--- Instructions to follow ---
Check each line of the material below for "silk", then copy the ones that contain it.

--- Data records ---
++++++

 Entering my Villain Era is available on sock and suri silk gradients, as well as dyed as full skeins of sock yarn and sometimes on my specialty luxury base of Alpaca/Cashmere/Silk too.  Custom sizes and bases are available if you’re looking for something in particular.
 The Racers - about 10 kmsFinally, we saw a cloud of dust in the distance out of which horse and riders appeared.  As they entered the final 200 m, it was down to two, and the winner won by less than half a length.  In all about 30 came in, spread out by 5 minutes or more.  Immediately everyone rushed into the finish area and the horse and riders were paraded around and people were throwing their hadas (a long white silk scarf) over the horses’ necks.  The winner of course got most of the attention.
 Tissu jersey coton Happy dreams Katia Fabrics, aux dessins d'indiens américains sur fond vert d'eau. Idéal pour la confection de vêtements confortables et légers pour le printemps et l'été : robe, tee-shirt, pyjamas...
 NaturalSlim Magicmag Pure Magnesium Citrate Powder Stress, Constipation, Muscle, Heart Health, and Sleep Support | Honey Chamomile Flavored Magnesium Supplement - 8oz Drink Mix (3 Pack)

++++++

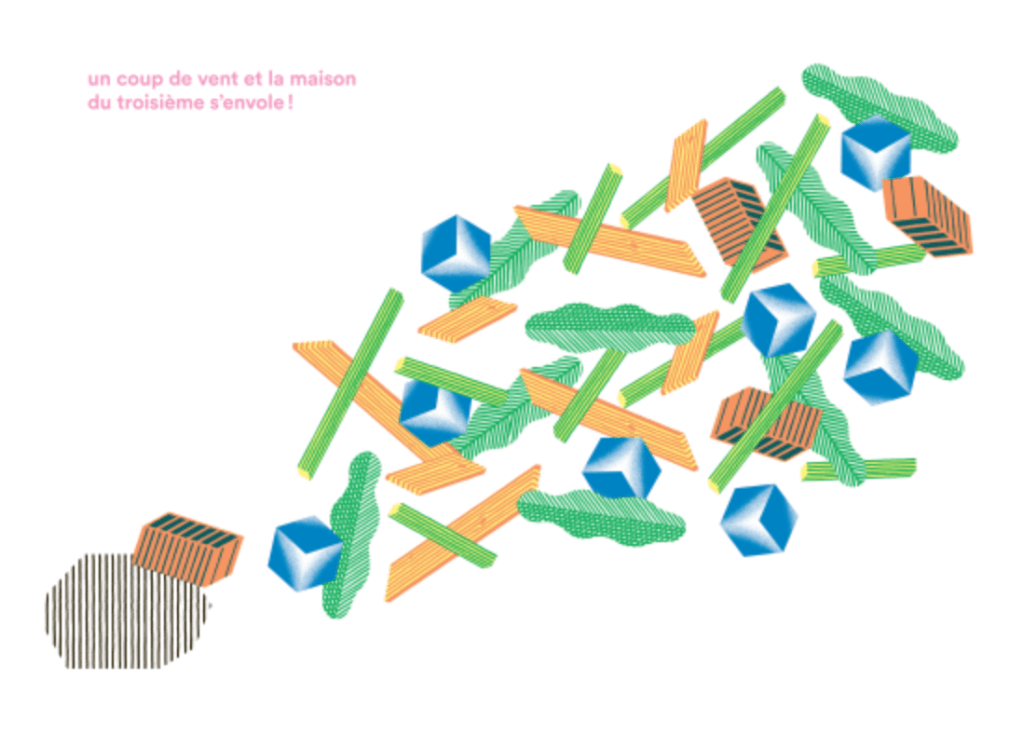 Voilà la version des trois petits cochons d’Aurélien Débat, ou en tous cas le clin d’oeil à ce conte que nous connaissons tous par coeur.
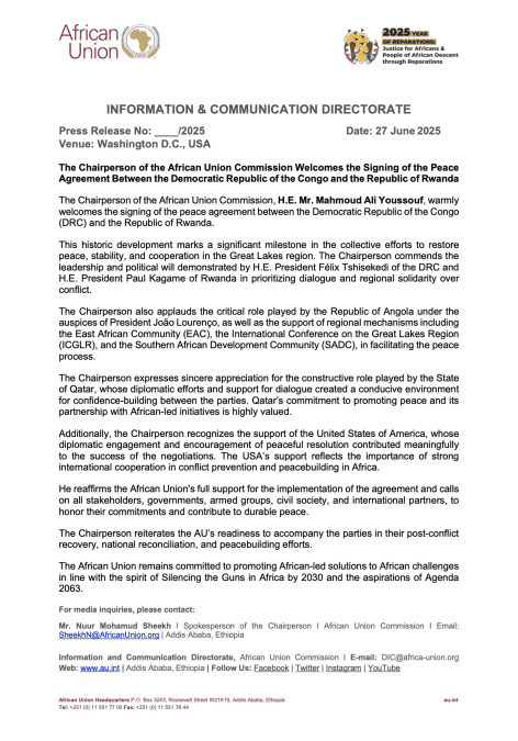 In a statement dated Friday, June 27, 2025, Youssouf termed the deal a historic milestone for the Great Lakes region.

++++++

--- Worked solution ---
 Entering my Villain Era is available on sock and suri silk gradients, as well as dyed as full skeins of sock yarn and sometimes on my specialty luxury base of Alpaca/Cashmere/Silk too.  Custom sizes and bases are available if you’re looking for something in particular.
 The Racers - about 10 kmsFinally, we saw a cloud of dust in the distance out of which horse and riders appeared.  As they entered the final 200 m, it was down to two, and the winner won by less than half a length.  In all about 30 came in, spread out by 5 minutes or more.  Immediately everyone rushed into the finish area and the horse and riders were paraded around and people were throwing their hadas (a long white silk scarf) over the horses’ necks.  The winner of course got most of the attention.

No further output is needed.